Berkata Imam Al-Hasan, “Bahwasanya selalu akan ada dua lintasan hati pada manusia, satu lintasan hati berasal dari Allah SWT dan satu lintasan lainnya berasal dari musuh (syaitan). Semoga Allah SWT merahmati seorang hamba yang selalu melaksanakan semua lintasan yang datang daripada Allah SWT dan selalu menolak serta melawan semua lintasan yang datang dari musuh.”

Pada dasarnya hati manusia dapat menerima lintasan yang diciptakan oleh syaitan maupun lintasan yang diciptakan oleh malaikat dengan kadar kesetaraan yang sama. Hanya saja terkadang manusia itu berbeda jika salah satu daripada dua sisi tersebut lebih kuat, misalnya lebih kuat untuk menerapkan tuntutan dan keinginan hawa nafsu maka berarti telah tampak pada dirinya penguasaan syaitan di dalam hatinya sehingga hati itu menjadi tempat berlalu lalangnya syaitan. Karena hawa nafsu merupakan ladang daripada syaitan itu dan tempat gembalanya. Akan tetapi jika seorang manusia selalu melawan hawa nafsunya dan tidak membiarkannya mengendalikan dirinya serta meniru akhlaknya para malaikat dan mengikuti ajakannya, maka jadilah hati itu tempat bersemayamnya para malaikat dan tempat berlalu lalangnya para malaikat itu. Dan tatkala hati itu belum lepas daripada hawa nafsu, marah, rakus, tamak dan panjang angan-angan serta yang lainnya daripada sifat manusia dan tabiatnya yang selalu tidak kenyang-kenyang mengikuti tuntutan hawa nafsunya, maka hati tersebut menjadi tempat wira-wirinya syaitan untuk merusak hati itu. Oleh karena itu Nabi bersabda:

 

قَالَ مَا مِنْكُمْ مِنْ أَحَدٍ إِلَّا وَقَدْ وُكِّلَ بِهِ قَرِينُهُ مِنْ الْجِنِّ ، قَالُوا وَإِيَّاكَ يَا رَسُولَ اللَّهِ؟ قَالَ وَإِيَّايَ إِلَّا أَنَّ اللَّهَ أَعَانَنِي عَلَيْهِ فَأَسْلَمَ فَلَا يَأْمُرُنِي إِلَّا بِخَيْرٍ . (رواه مسلم وأحمد

Tidak ada seorangpun dari kalian kecuali ada syaitannya. Maka para sahabat bertanya, “Walaupun engkau wahai Rosul?” Maka Nabi   menjawab, “Dan aku juga, hanya saja Allah SWT telah membantuku untuk mengatasinya sehingga aku selamat darinya dan dia tidak memerintahkan aku kecuali dengan kebaikan.” (H.R. Muslim-Ahmad)WT

Kesimpulannya tatkala hati manusia itu tidak terlepas daripada bermuaranya lintasan-lintasan syaitan (was-was) dan juga bermuaranya lintasan-lintasan malaikat (ilham), maka sebagaimana telah disebutkan didalam hadits Nabi jika kita itu memenangkan lintasan malaikat berarti kita menjadi manusia yang baik. Dan sebaliknya, jika kita mengikuti lintasan yang diciptakan oleh syaitan maka kita akan menjadi manusia yang jahat.

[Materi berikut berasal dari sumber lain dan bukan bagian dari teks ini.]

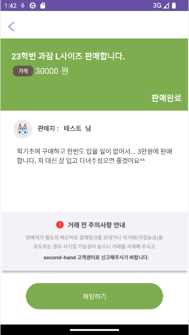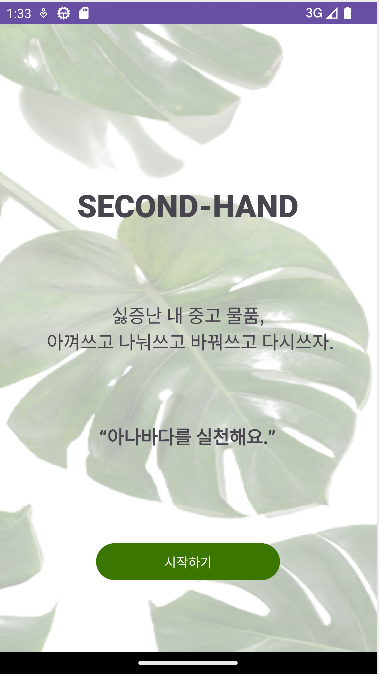 고급모바일프로그래밍, 중고마켓 SecondHand 싫증난 내 중고 물품, 아껴쓰고 나눠쓰고 바꿔쓰고 다시쓰자. "아나바다를 실천해요." 🛒 SecondHand 개발 기간: 2023.10 ~ 2023.12 2171317 강다현 2171170 김예원 2171335 양인서 2171431 오유진 🙋♂ Users (이메일/비밀번호) android@hansung.ac.kr / hansungandroid test@hansung.ac.kr / hansungtest 📱 Layout 첫 화면 회원가입 로그인 메인 화면 판매글 등록 상세 페이지 수정하기 채팅 보내기 채팅수신 목록
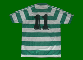 Esta foi a época em que a Hummel introduziu equipamentos Stromp que não são realmente equipamentos Stromp. A metade esquerda, verde, é feita de risquinhas verticais verdes mas de tom diferente. Isto é diferente do que aconteceu por ex. em 1984/85 com a Le Coq Sportif, em que a aparente diferença de cor verde era devida apenas à disposição do tecido. O pior é a metade direita, que deveria ser branca, mas que na realidade é feita de risquinhas verticais brancas intercaladas com risquinhas verticais verdes. O efeito é bonito, mas isto não é um equipamento Stromp.
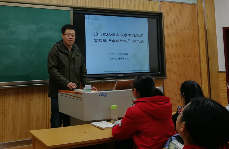 (通讯员:李思颖)2017年11月17日上午8:00,2017级汉语言文学卓越教师实验班在教学八楼8504教室迎来了“卓越讲坛” 第二讲。本次讲座的主题为“传统文化中的修身理念及其现代意义”,由湖北师范大学太阳成集团tyc经理景遐东教授主讲,卓越班项目主任魏景波教授主持。
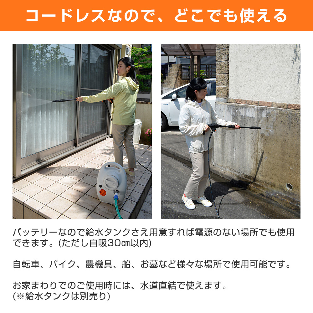コードレスでどこでもお掃除可能な高圧洗浄機。
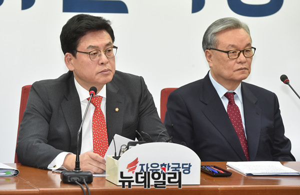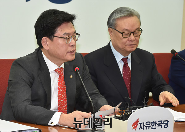정우택 자유한국당 비대위원장이 14일 오전 서울 여의도 당사에서 열린 비상대책위원회의에서 발언을 하고 있다.
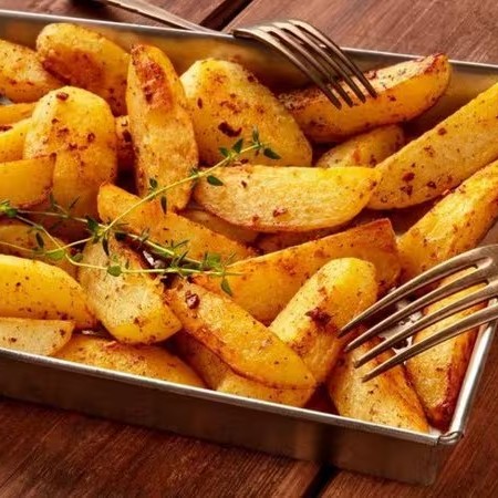 Comida caseira de verdade: Arroz, feijão, macarrão, e batata tipo rústica ou polenta frita.
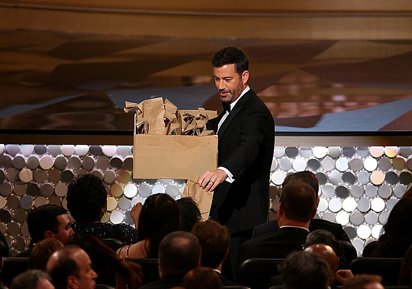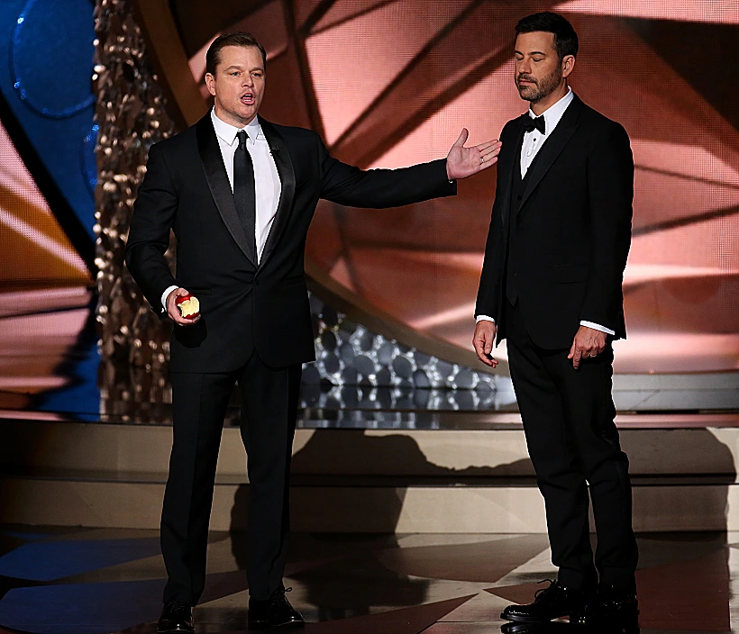 ואיך היה המנחה ג'ימי קימל? הוא צחק על ביל קוסבי, אמא שלו הכינה המון סנדוויצ'ים אותם הוא חילק לקהל יחד עם הילדים-כוכבים של הסדרה "Stranger Things" (שבטוח נזכה לראות אותם בטקס של השנה הבאה), השתתף במערכון פותח עם כמה מכוכבי הסדרות הכי טובות על המסך - ובעיקר זכה לכך שמאט דיימון יצחק על ההפסד שלו מול מיליוני צופים. נו, בקטנה.
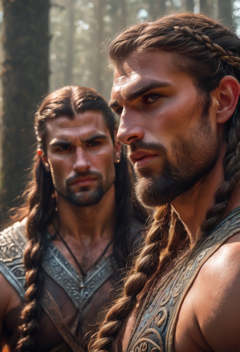 fantasy romance by gaston bussiere and ivan bilibin, russian slavic musclechub and rugged viking warrior, males lovers, detailed face, braids, perfect eyes, under Tyndall light effect, Depth of field
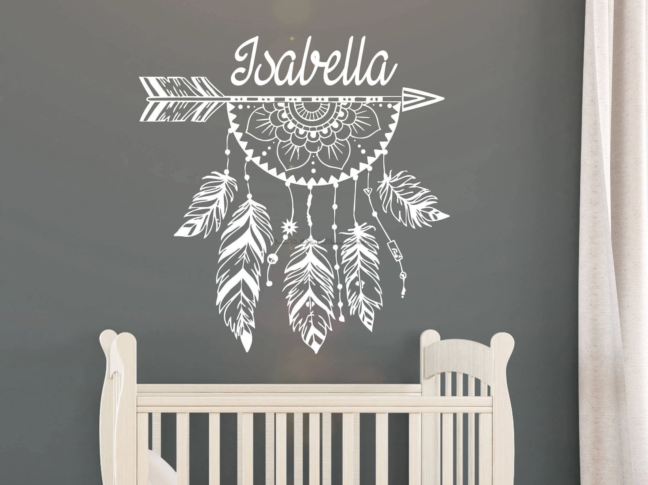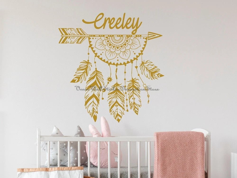 Богемный амулет, наклейка на стену, этническая принадлежность, можно изготовить на заказ, имя для детского сада, детской комнаты, семейная наклейка, D20
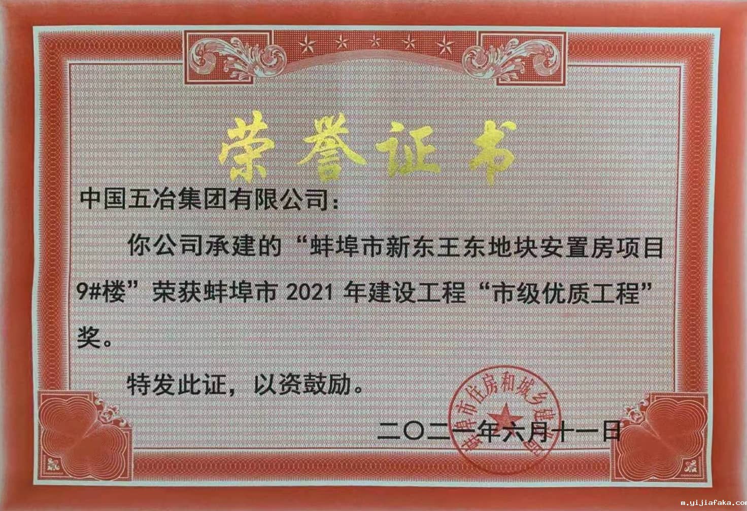 蚌埠市新东王东地块安置房项目9#楼荣获蚌埠市2021年建设工程“市级优质工程”奖
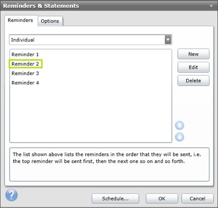 ·To change the order in which the set reminders are sent, firstly access the reminder selection interface from Settings / Reminders & Statements... at the top of the Management page.
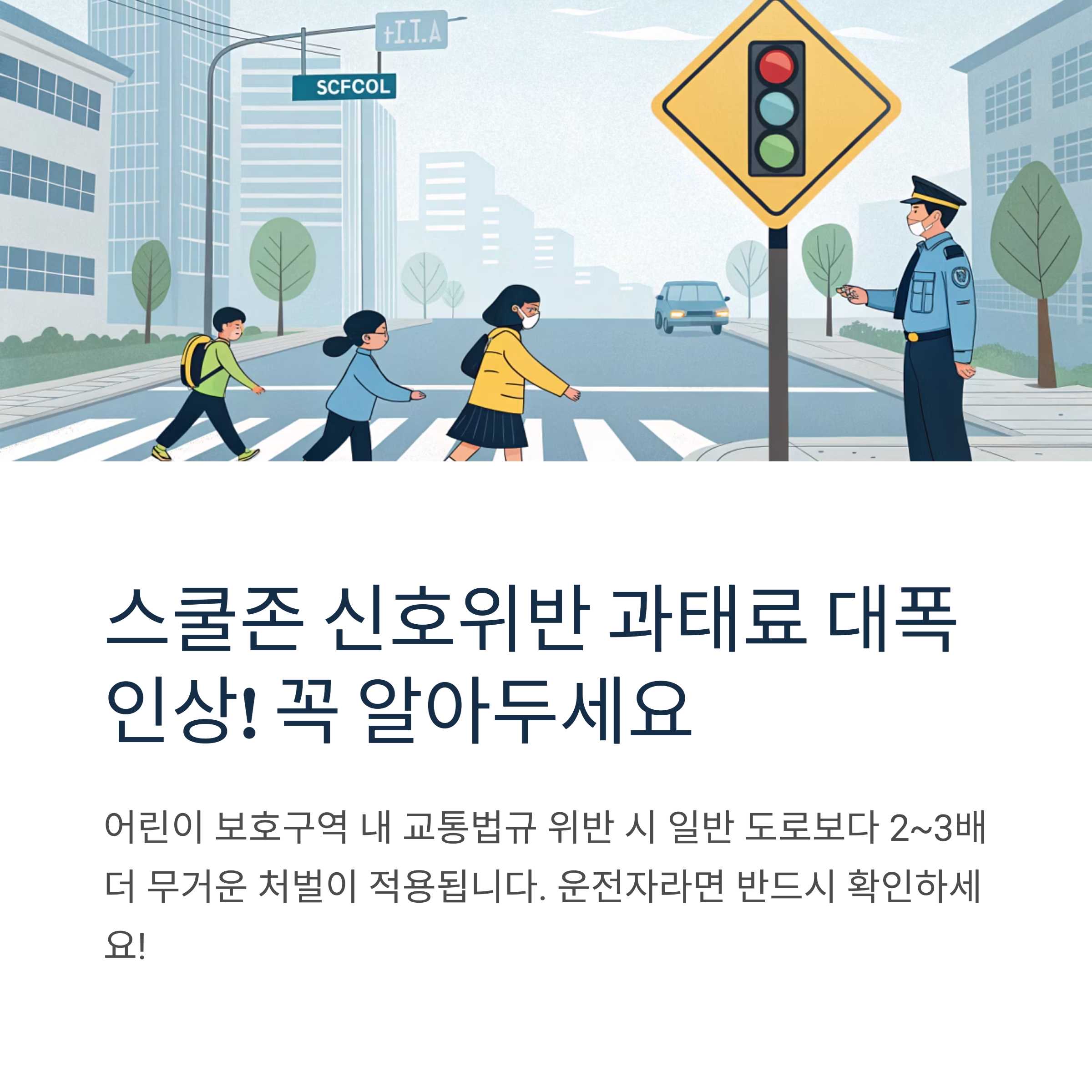 2025년부터 어린이 보호구역(스쿨존) 내 신호위반에 대한 과태료와 범칙금, 벌점이 대폭 인상되어 적용되고 있습니다. 어린이 교통사고 예방과 안전한 통학로 조성을 위해 일반 도로보다 2~3배 더 무거운 처벌이 이루어지니, 운전자라면 반드시 교통법규를 지켜야 합니다. 아래에서 2025년 최신 기준 어린이 보호구역 신호위반 과태료, 범칙금, 벌점, 주의사항까지 상세히 정리합니다.

Untuk mengikuti lintasan malaikat dan melawan lintasan syaitan, membutuhkan dan memerlukan kepada sebuah ilmu berupa sebuah konsep untuk mengatasinya. Maka dari itu penting kiranya untuk kita mempelajari apa yang dijelaskan nantinya supaya kita lebih sigap hingga bersiap untuk melawan godaan hawa nafsu serta bisikan para syaitan dan akan selalu memenangkan lintasan dan bisikan malaikat ketika kedua lintasan tersebut beradu dan saling menjatuhkan. Karena selama manusia itu hidup, maka selama itu pula syaitan tidak akan mengalah dan tidak akan menyerah untuk selalu menggoda dan membisiki manusia. Sehingga pantas tatkala seseorang datang kepada Imam Hasan Al-Basri dan berkata kepadanya, “Wahai Aba Sa’id… apakah syaitan itu tidur?” Maka beliau tersenyum seraya berkata, “Kalau misalnya syaitan itu tidur, maka pasti kami akan rehat darinya.”

Tidak mungkin kita akan selamat dari bisikan syaitan akan tetapi disitu ada jalan untuk melawannya dan juga menguatkan serta memperbesar lintasan dan ilham dari malaikat sehingga dia terhindar dari bisikan dan mudah untuk mengendalikannya. Sebagaimana Nabi telah bersabda:

قال : إِنَّ المُؤمِنَ يُنضِي شَيطَانَهُ كَمَا يُنضِي أَحَدُكُم بَعِيرَهُ فِي السَّفَرِ . (رواه أحمد)

Sesungguhnya seorang mukmin dia akan mengarahkan dan melawan syaitannya sebagaimana seseorang dari kalian mengarahkan dan memaksa untanya didalam perjalanannya. (H.R. Ahmad)

Berkata Qays bin Hajjaj seorang sufi: “Telah berkata kepadaku syaitanku, “Ketika aku masuk kepadamu dalam keadaan aku seperti seekor unta yang sangat besar, akan tetapi sekarang aku menjadi kecil layaknya seekor burung emprit.” Maka aku berkata kepadanya, “Kenapa bisa terjadi hal yang demikian itu?” Lalu dia menjawab, “Engkau telah melelehkan aku dengan banyaknya engkau berdzikir kepada Allah SWT.”

Begitulah keadaan orang-orang yang bertakwa kepada Allah SWT, akan mudah baginya untuk menutup pintu-pintu masuknya syaitan dan menjaganya dengan penjagaan yang sangat kuat. Karena memang pintu-pintu masuknya syaitan sangatlah banyak sedangkan pintu masuknya malaikat hanyalah satu, dan pintu malaikat yang satu itu terkadang disarukan dan disamarkan serta ditumpangi oleh pintu-pintu yang banyak itu yang sengaja dibuat oleh syaitan.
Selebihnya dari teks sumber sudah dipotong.